Control over Union Territories
- The Parliament of India can pass a law to amend the constitution and provide a Legislature with elected Members and a Chief Minister for a union territory, as it has done for Delhi and Puducherry.
- In general, the President of India appoints an administrator or lieutenant governor for each UT.
- Due to existence of union territories, many critics have resolved India into a semi-federal nation, as the central and state governments each have their own domains and territories of legislation.
- Union territories of India have special rights and status due to their constitutional formation and development.
- The status of “union territory” may be assigned to an Indian sub-jurisdiction for reasons such as safeguarding the rights of indigenous cultures, averting political turmoil related to matters of governance, and so on.
- These union territories could be changed to states in the future for more efficient administrative control.
Details of some Union Territories
- Delhi, Puducherry and Jammu and Kashmir operate differently from the other six. They were given partial statehood and Delhi was redefined as the National Capital Territory of Delhi (NCT) and incorporated into a larger area known as the National Capital Region (NCR).
- Delhi, Puducherry and Jammu and Kashmir have an elected legislative assembly and an executive council of ministers with partially state-like function.
- In August 2019, the Parliament of India passed Jammu and Kashmir Reorganisation Act, 2019. The act contains provisions to reconstitute the state of Jammu and Kashmir into two union territories, one to be eponymously called Jammu and Kashmir, and the other Ladakh on 31 October 2019.

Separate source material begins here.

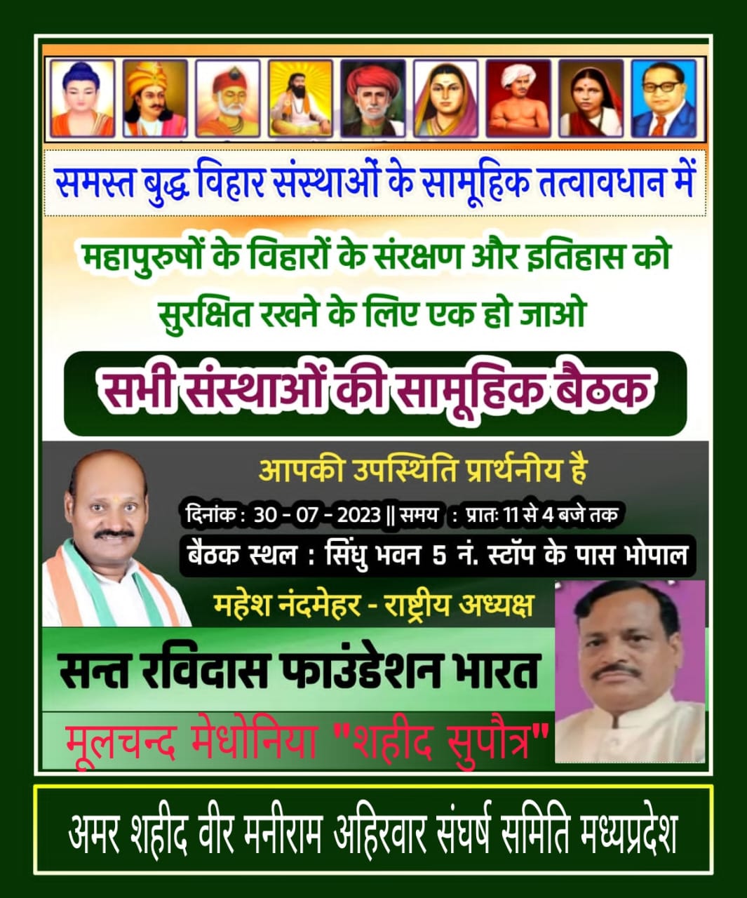 संत रविदास कल्याण फाउंडेशन भारत के राष्ट्रीय अध्यक्ष श्री महेश नंदमेहर एवं भीम ज्योति बौद्ध विहार समिति की अध्यक्ष श्रद्धेय इंदु ताई ने प्रेस विज्ञप्ति जारी कर बताया है कि सौ से अधिक बौद्ध विहारों, सतगुरु रविदास महाराज जी के अनुयायियों की महाबैठक को लेकर उसकी रुपरेखा, तैयारी व ज्ञापन पत्र की तैयारी सहित प्रदेश के इतिहास में हो रही महाबैठक का एजेंडा तय करने हेतु दिनांक 25 जुलाई को शाम 5 बजे आवश्यक बैठक होगी। जिसमें सभी सम्मानित बौद्ध विहारों व सतगुरु रविदास मंदिर समिति के अध्यक्षों को आमंत्रित किया गया है। तथा अनुरोध किया है कि अधिक से अधिक संख्या में समाज के प्रतिनिधि शामिल होकर 30 जुलाई को होने वाली महाबैठक की रुपरेखा व ऐजेंडा तय हेतु बैठक में सम्मिलित हो।

- In November 2019, the Government of India introduced legislation to merge the union territories of Daman and Diu and Dadra and Nagar Haveli into a single union territory to be known as Dadra and Nagar Haveli and Daman and Diu.
Revenue/Tax of the Union Territories
- The Constitution does not stipulate how tax revenue is to be devolved to the union territories, unlike for the states.
- The funds devolution to union territories by the union government have no criteria where all the revenue goes to the union government.
- Some union territories are provided more funds, while others are given less, in an arbitrary manner by the union government.
- As union territories are directly ruled by the union government, some union territories get more funds from the union government than entitled on per capita and backwardness basis when compared to states.